Marxist heroine Rosa Luxemburg was born in Poland in 1871 to a middle-class Jewish family; she grew up and was educated in Warsaw. At the age of five she was bedridden for an entire year due to a hip illness, which left her with a permanent limp – something she spent much of her adult life trying to conceal. From a young age, the activist Luxemburg published sharp socialist pamphlets in support of the labor movement and democracy. When her activism nearly landed her in prison, she fled the country – first to Switzerland, where she was among the first women to receive a doctorate in economics, and then to Germany, where she married a local man in order to obtain German citizenship and pursue her political work there.

She opposed WWI publicly, was imprisoned for it, and predicted that it would bring a crisis unlike any in history. Throughout her imprisonment she wrote political manifestos that had to be smuggled out past the censors, and letters to her close friend Sonja Liebknecht (Sophie), the wife of her murdered comrade Karl Liebknecht. These letters trace a long period of life behind bars and reveal a side of Luxemburg that her political writing alone could never convey. Her revolution was cut short before she reached fifty: in 1919 she was abducted in Berlin by a far-right paramilitary organization and murdered. Four days later, her body was found floating in a canal in Berlin’s Tiergarten park. A modest memorial stands on its bank to this day.

We spoke with Lior Tal Sadeh, host of Beit Avi Chai’s daily podcast “Source of Inspiration”, who dedicated an episode to Luxemburg’s extraordinary letters from prison.

Why is Rosa Luxemburg worth knowing about?

“She was a woman of extraordinary power – a political thinker and leader, protesting in public squares at a time when women rarely occupied that position. Yet the figure that emerges from her letters is someone of immense sensitivity, a remarkable connection to nature, and a psychological ability to find happiness in any situation. The same woman who fought fiercely against the world’s injustices also knew how to embrace the world, to acknowledge that it contains suffering and loss, and to live with that in genuine acceptance.”

Luxemburg opposed WWI and was imprisoned for it.

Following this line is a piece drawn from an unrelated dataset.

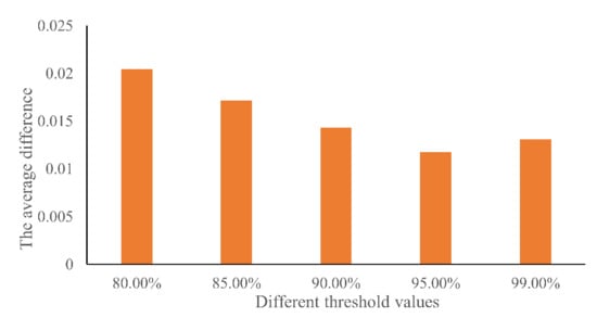 We also conducted a sensitivity analysis to evaluate the impact of the threshold value on the recognition results. We selected 80%, 85%, 90%, 95%, and 99% as threshold values to detect risky driving behavior. The absolute difference in risky behavior between the training and testing datasets with the five threshold values is shown in Table 5. The average difference is shown in Figure 13. It can be seen that the average difference decreases with the improvement in the threshold value and reaches the lowest point with the 95% threshold value. Then, the difference increases from 1.81% to 2.14% when adopting the 99% threshold value. By comparing the five threshold values, we can see that the 95% threshold value is the most suitable to recognize risky driving behavior.

Why?

“She was a true Marxist and she saw a war with no serious justification beyond each power’s desire to expand its dominance and markets. She identified imperialist ambitions in the service of capitalism, and recognized that the millions who would die belonged to the working class – that the war was not being waged on their behalf but on their backs. She viewed the decision to go to war as a cynical exploitation of nationalism in the service of capitalist and imperialist interests.”

You’ve explored the connection between Luxemburg and the Hebrew poet Leah Goldberg, who translated her letters. What was that connection?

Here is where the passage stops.